Hold the front page; four weeks after hearing argument on the appeal in BNM – v – MGN (2017) EWCA Civ 1767, the Court of Appeal has today handed down judgment on whether additional liabilities payable under pre-commencement funding arrangements are subject to the ‘new’ post-April 2013 test of proportionality. It was published while I was speaking at an AVMA costs roadshow, and I was eager to see the decision.
The background will be familiar to most if not all readers, so I won’t go over it here, though if you have managed to avoid it then have a look at the first twenty-three paragraphs of the judgment. Similarly, if a roundup of the rules relevant to the issue is the focus of your interest, see paragraphs 24 to 59.

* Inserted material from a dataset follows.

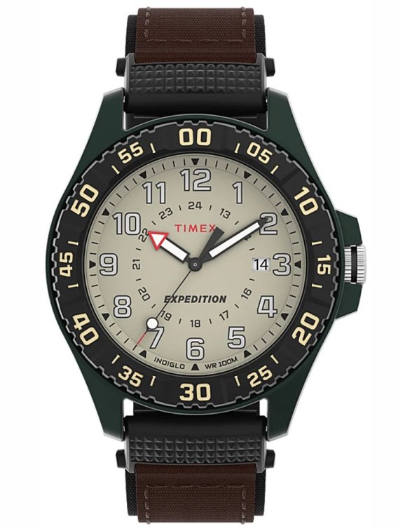Męski zegarek TIMEX Expedition Acadia Rugged TW4B26500 pasuje idealnie do codziennych stylizacji. Na beżowej i czytelnej tarczy umieszczono datownik. Model ten posiada brązowy materiałowy pasek oraz zieloną kopertę wykonaną z wysokiej jakości stali szlachetnej. Klasa wodoszczelności zegarka to WR100. Podświetlenie tarczy INDIGLO - Specjalny patent na podświetlenie tarczy. Po wciśnięciu koronki lub przycisku funkcyjnego tarcza zegarka zostanie podświetlona od spodu.

The headline however is that the ‘new’ test does not apply to additional liabilities payable under a pre-commencement funding arrangement and they remain subject to the rules as they stood prior to April 2013. The matter is therefore to be remitted back to Master Gordon-Saker to reconsider his decision as to the proportionality of the costs.
On the additional issue raised by cross-appeal as to whether proceedings had been issued prematurely, this too is to be remitted back to Master Gordon-Saker to make explicit that he has considered the issues raised by the Court of Appeal at paragraph 90, with the comment that it was ‘nevertheless certainly not a question in respect of which there is only one answer.’
The Court of Appeal has therefore answered one question, but we are still some way from certainty as to how (this issue aside) the new test of proportionality should operate in practice.